Top of RECORDS TO PROCESS

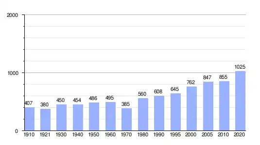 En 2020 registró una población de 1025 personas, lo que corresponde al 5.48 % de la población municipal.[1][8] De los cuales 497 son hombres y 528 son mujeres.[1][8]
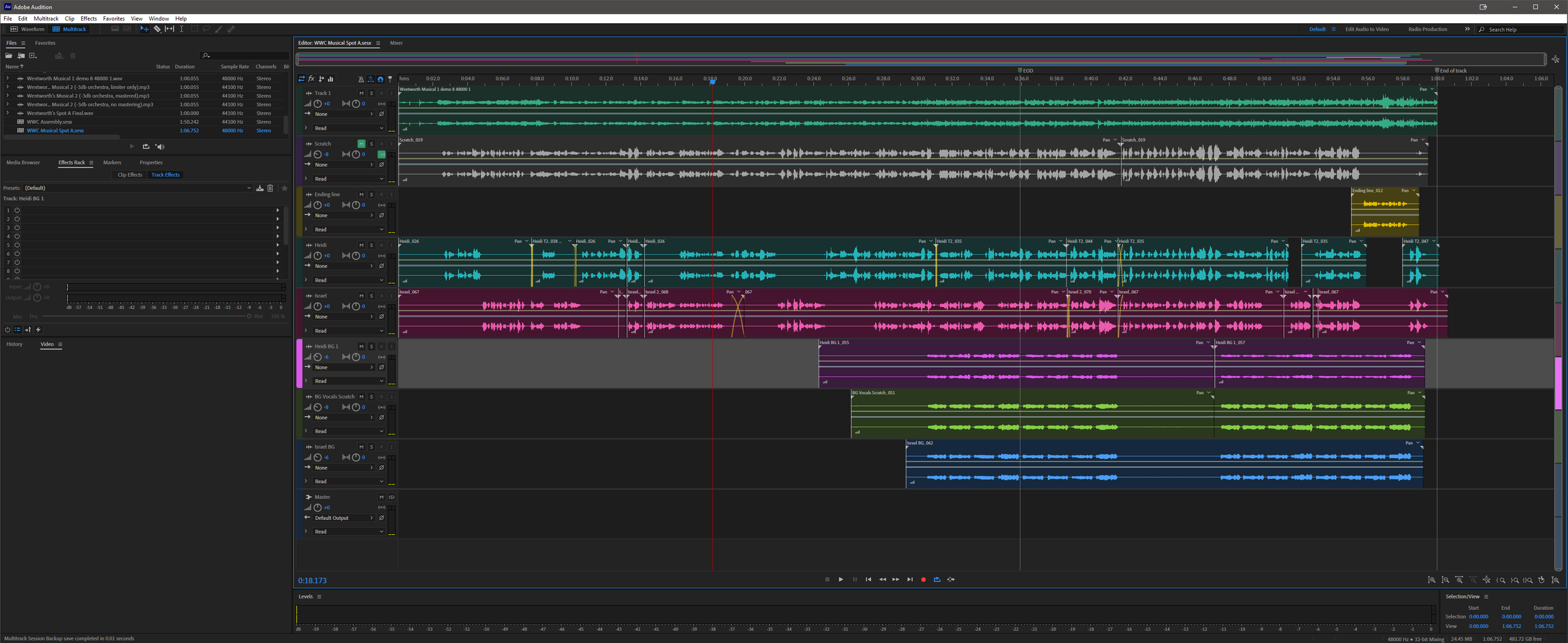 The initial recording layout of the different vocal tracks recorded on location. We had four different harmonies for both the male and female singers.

Bottom of RECORDS TO PROCESS
Top of RECORDS TO PROCESS

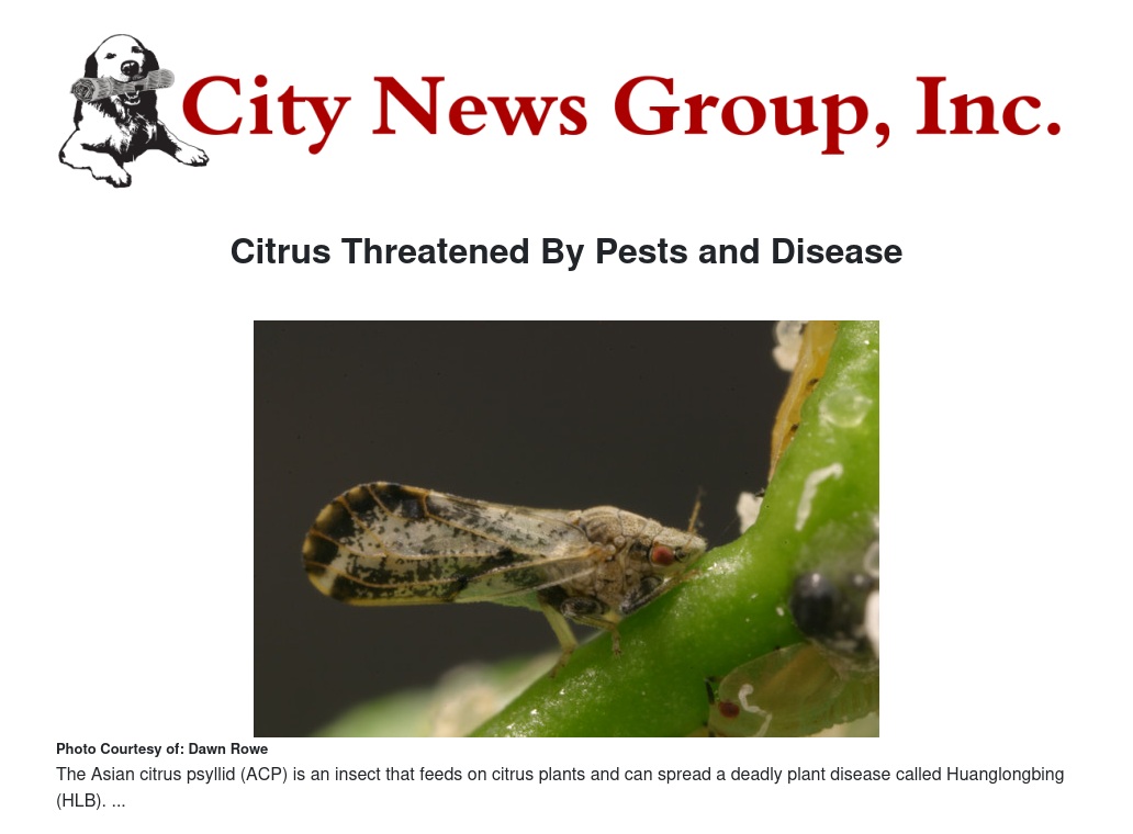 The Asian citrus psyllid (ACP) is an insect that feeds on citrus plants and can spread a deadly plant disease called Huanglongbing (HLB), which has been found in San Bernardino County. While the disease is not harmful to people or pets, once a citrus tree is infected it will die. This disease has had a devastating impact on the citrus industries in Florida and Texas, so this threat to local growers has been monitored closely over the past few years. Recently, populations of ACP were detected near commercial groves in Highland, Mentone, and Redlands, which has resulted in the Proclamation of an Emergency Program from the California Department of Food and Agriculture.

Bottom of RECORDS TO PROCESS

WHAT YOU HAVE TO DO —
How would the lines above read from the one with "En 2020 registró" to the one with "The initial recording", inclusive, with no pictures? Write them out exactly.

THE ANSWER —
 En 2020 registró una población de 1025 personas, lo que corresponde al 5.48 % de la población municipal.[1][8] De los cuales 497 son hombres y 528 son mujeres.[1][8]
 The initial recording layout of the different vocal tracks recorded on location. We had four different harmonies for both the male and female singers.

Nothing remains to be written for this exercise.